» **Work order**
Only one stretch of the listing below is wanted. Give it again exactly, from the line with "Today in Apna" through the line with "バスフィッシング好きなら一度は思った事があるLOVE & HATEをストレートに書いたメッセージを胸元に。".
** Exercise data follows **
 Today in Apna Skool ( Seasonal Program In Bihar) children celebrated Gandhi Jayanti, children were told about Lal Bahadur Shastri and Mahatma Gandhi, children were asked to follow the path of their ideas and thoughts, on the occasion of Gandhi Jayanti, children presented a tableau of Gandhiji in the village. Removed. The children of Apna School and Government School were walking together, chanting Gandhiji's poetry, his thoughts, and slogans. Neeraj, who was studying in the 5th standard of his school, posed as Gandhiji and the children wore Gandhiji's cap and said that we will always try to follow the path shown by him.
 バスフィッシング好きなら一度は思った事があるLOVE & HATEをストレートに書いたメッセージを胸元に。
** End of Exercise data **
** Exercise data follows **
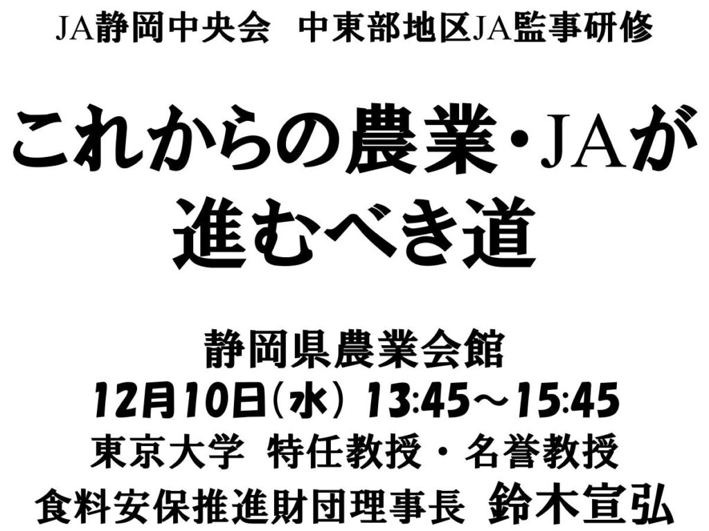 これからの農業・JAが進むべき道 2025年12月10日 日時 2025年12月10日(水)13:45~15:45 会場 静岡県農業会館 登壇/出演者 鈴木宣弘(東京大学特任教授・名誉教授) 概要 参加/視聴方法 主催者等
** End of Exercise data **
» **Your response**
 Today in Apna Skool ( Seasonal Program In Bihar) children celebrated Gandhi Jayanti, children were told about Lal Bahadur Shastri and Mahatma Gandhi, children were asked to follow the path of their ideas and thoughts, on the occasion of Gandhi Jayanti, children presented a tableau of Gandhiji in the village. Removed. The children of Apna School and Government School were walking together, chanting Gandhiji's poetry, his thoughts, and slogans. Neeraj, who was studying in the 5th standard of his school, posed as Gandhiji and the children wore Gandhiji's cap and said that we will always try to follow the path shown by him.
 バスフィッシング好きなら一度は思った事があるLOVE & HATEをストレートに書いたメッセージを胸元に。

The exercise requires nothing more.